Феанаро внимательно посмотрел на сына. Смотрел долго, молча. И видел провокацию, страх, соперничество, желание настоять на своём, доказать себе и всем, что может управлять решениями самого́ Феанаро Куруфинвэ! Что может шантажировать великого и ужасного короля Нолдор. Успешно шантажировать.
Феанаро видел во взгляде и позе сына всё, что угодно, кроме самого главного.
— Да будет так, — спокойно и величественно произнёс Куруфинвэ. — Стража!

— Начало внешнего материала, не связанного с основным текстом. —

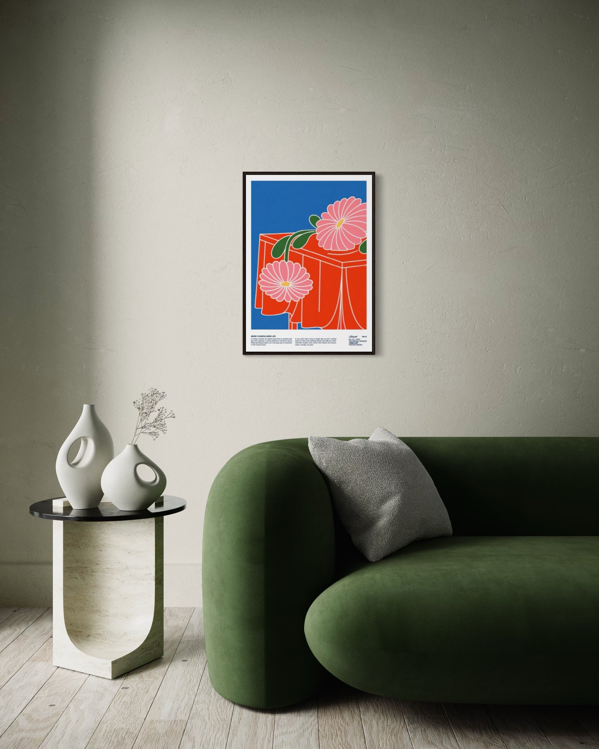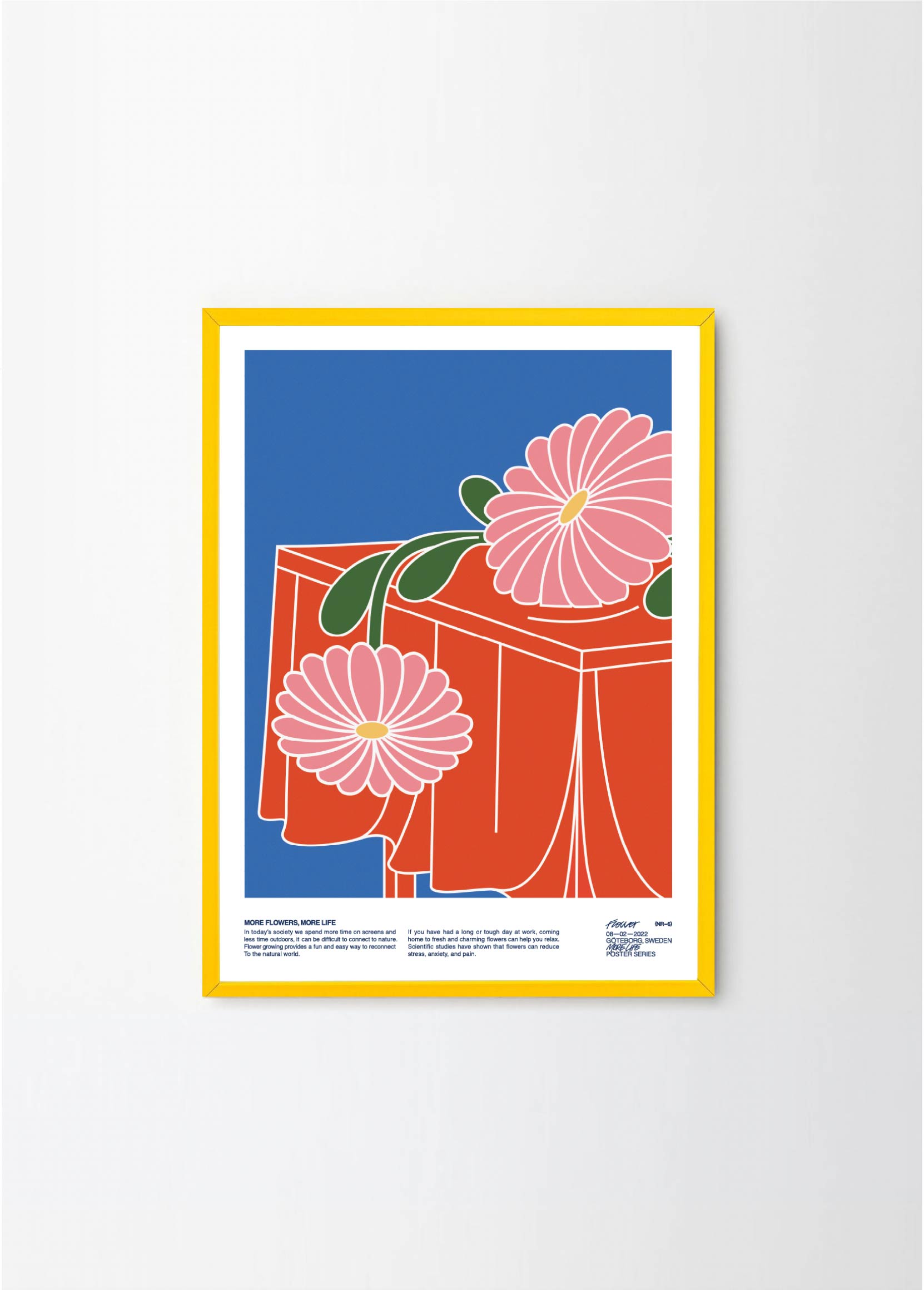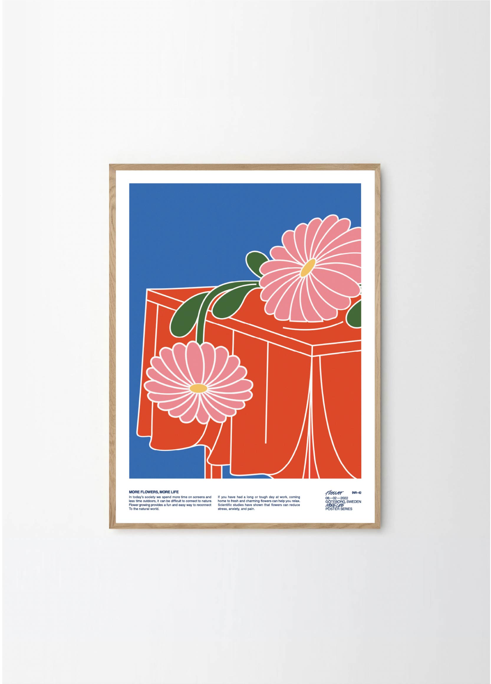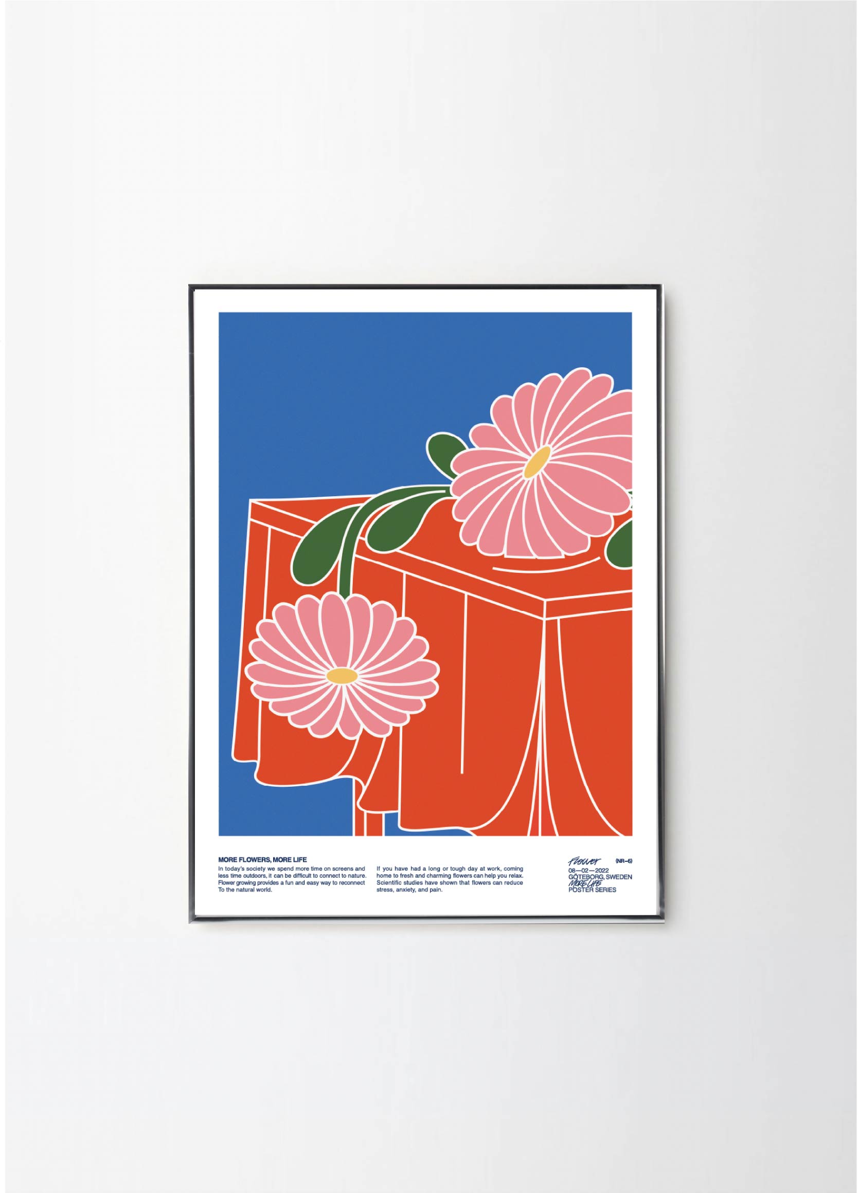 The artwork More Life 3 depicts pink flower on a red table with blue background in a portrait format.The Pink, Red and Blue colors make More Life 3 perfect for a green, walnut or pink colored frame, with or without passepartout.

Уведите заговорщика в трюм. Свяжите руки, если потребуется. И следите, чтобы предатели друг с другом не разговаривали.
Макалаурэ смотрел на реакцию брата и понимал: Тэлуфинвэ не ожидал, что отец пойдет до конца. Или не до конца, но что все окажется столь серьезно. Младший из Феанорингов всё ещё на что-то надеялся, это было заметно, поэтому… Плохо. Провокации и неверие в серьезность намерений отца только подольют масла в огонь.
Сопровождаемый вооруженными Нолдор Тэлуфинвэ обернулся в дверях.
— Ты не знаешь, что такое любовь к женщине! — со злостью сказал он, и Макалаурэ в отчаянии закрыл ладонью лоб: его младший братик делал худшее, что можно было предпринять. — Ты никогда не любил нашу маму, а она страдала! Она дарила любовь нам, младшим детям, и получала ее в ответ!
— Я сказал — увести предателя, — угрожающе прищурился Феанаро, и за Тэлуфинвэ закрылась дверь.
Макалаурэ приподнял ладонь и осторожно взглянул на отца.
— Почему молчишь? — ехидно спросил Феанаро. — Ты желал провести совет. Высказывайся.
Менестрелю очень хотелось съязвить. Очень. Но он понимал, что если сейчас и можно сделать ещё хуже, то именно таким образом.
— Я хотел высказаться по поводу Иримэль, — перевел дыхание Макалаурэ. — Она ведь прекрасно поёт, её рифмы трогают сердце. В её душе не может быть зла, отец. Поверь, я знаю, о чём говорю.
— Это её песню ты пел, перебрав с эликсирами? — внезапно очень серьёзно спросил Феанаро, задумавшись.
— Да. Я случайно услышал, как Иримэль пела. И понимаю, почему Тэльво влюбился в нее. Отец, в этой девушке есть ноты изначальной песни. И Тэльво…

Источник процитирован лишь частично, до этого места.